Crítica Last Christmas

Sentido y sensibilidad
Amable comedia
romántica navideña, inspirada por la popular canción de George Michael que da
título al film. Firma el libreto Emma Thompson –que asume además un papel
menor– con la recién llegada Bryony Kimmings, y se diría que intenta
aletear el espíritu que permitió a la primera hace años ganar el Oscar al mejor
guion adaptado, o sea el de Sentido y sensibilidad, que partía de una novela de Jane Austen.
Tras un breve
prólogo en una función navideña en una iglesia de la antigua Yugoslavia en
1990, la acción se traslada al Londres de nuestros días. Allí Kate
–originalmente Katarina– es una joven no demasiado centrada, con ligues
ocasionales, una mala relación con su familia, que emigró desde Croacia años
atrás, y en definitiva, un egocentrismo insoportable que le lleva a ser echada
de los pisos en que sus amigos la acogen; por si fuera poco, Santa, su jefa en
una tienda muy cuca de objetos navideños, demuestra tener con ella una
paciencia infinita, pues puede ser impertinente con los clientes, y tener
descuidos como el de olvidar echar el cierre al establecimiento cuando se va la
última. La aparición en la tienda de un tipo encantador, Tom, va a cambiar su
percepción de las cosas. Este joven de rasgos exóticos es voluntario en un
hogar de acogida, es atento y comprensivo, y la invita a mirar hacia arriba, al
cielo, en vez de andar siempre con una visión cortita y a ras de tierra.
¿Podría ser alguien de quien al fin enamorarse?
Paul
Feig conoció un éxito inesperado gracias a la comedia La boda de mi mejor amiga. Aquí entrega un film de
resultados desiguales, que a ratos quiere parecerse a Love Actually, aunque con un claro personaje principal.

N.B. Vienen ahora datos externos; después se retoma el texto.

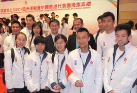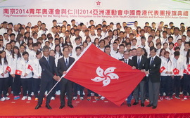 港協今午為兩支代表團舉行出發前授旗儀式,更邀得民政事務局局長曾德成及港協暨奧委會會長霍震霆親臨主禮,為港隊健兒打氣。
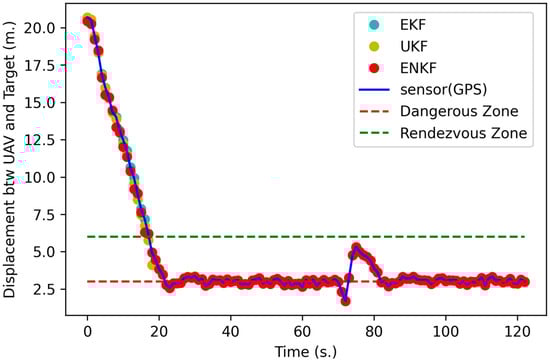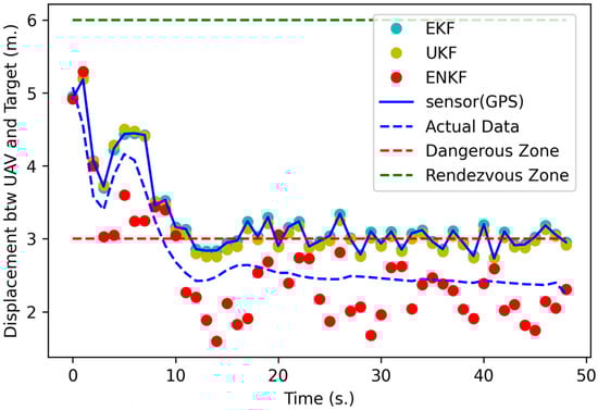 Figure 15 and Figure 16 show the results of the full mission state. Figure 15 shows the result of displacement between the UAVs in each time frame. The follower UAV uses the localization method initially until it enters the rendezvous zone after approximately 19 s. Then, the rendezvous method is used to command the following UAV toward the target UAV. After approximately 70 and 80 s, the target UAV turns 90 degrees following the designated path, as shown in Figure 14. During the turn, the target UAV decreases its speed to almost 1 m per second, as shown in Figure 16. Thus, the follower UAV decreases its speed to almost 0.5 m per second and then accelerates to the same speed as the target UAV. The results indicate that the proposed rendezvous method can guide the follower UAV to the rendezvous zone and aid in the approach of the dangerous zone in 22 s (Table 3) at point (0.47686, 51.74109) and an altitude of 6.83795 m based on GPS sensor data only, at point (0.47795, 51.74018) and an altitude of 6.83779 m based on the EKF, at point (0.49439, 51.72599) and an altitude of 6.83809 m based on the UKF, and at point (0.48511, 51.76452) and an altitude of 6.83052 m based on the ENKF. The accuracy assessment of this experiment is separated into two parts, namely, the RMSE of XYZ outside the rendezvous zone and the RMSE of XYZ inside the rendezvous zone, as presented in Table 3. The ENKF performs better than the others both inside, with an RMSE of XYZ at 0.51319 m, and outside the rendezvous zone (RMSE of XYZ at 0.75051 m). The RMSEs in this experiment are higher than those in other experiments because there is a 90-degree turn in the flight path of the target UAV. However, for a very short time, the displacement between UAVs is less than that of the dangerous zone radius. This experiment illustrates that even if the target UAV turns 90 degrees and decelerates, the proposed rendezvous method can still track the target UAV without a collision occurring. From Table 2 and Table 3, the RMSEs of nonlinear KFs are higher than those for the method based only on GPS sensor data because some parameters can be tuned to achieve higher performance.

Se agradecen sus buenas intenciones, y la protagonista, Emilia Clarke, desprende encanto, e
interacciona bien con el resto del reparto, ya sea con otros actores con
personajes de peso como Henry Golding y Michelle Yeoh, o con otros más secundarios
pero simpáticos, como los que interpretan a los desfavorecidos del hogar de
acogida, o a la pareja femenina de policías, que se diría una versión
uniformada del Gordo y el Flaco. Además esta bien apuntada la idea de cómo
pequeñas acciones hechas por amor pueden marcar la diferencia, hacerte mejor
persona, y por tanto, más feliz.
Pero la cinta es
algo tramposa en las sorpresas que nos reserva, y que no es cuestión aquí de
desvelar, aportando información relevante para adivinarlas ya bien avanzada la
trama, con toda seguridad porque la mayoría de los espectadores habrían
adivinado por dónde iban los tiros. Y algunos aspectos que prometen, como la
relación de Kate con sus padres y su hermana, tiene en realidad poco peso, al
final sólo sirve para apuntar más el egoísmo que la lastra, y el caso de la
hermana, para introducir un innecesario elemento lésbico, celebrativo de la
diversidad en boga.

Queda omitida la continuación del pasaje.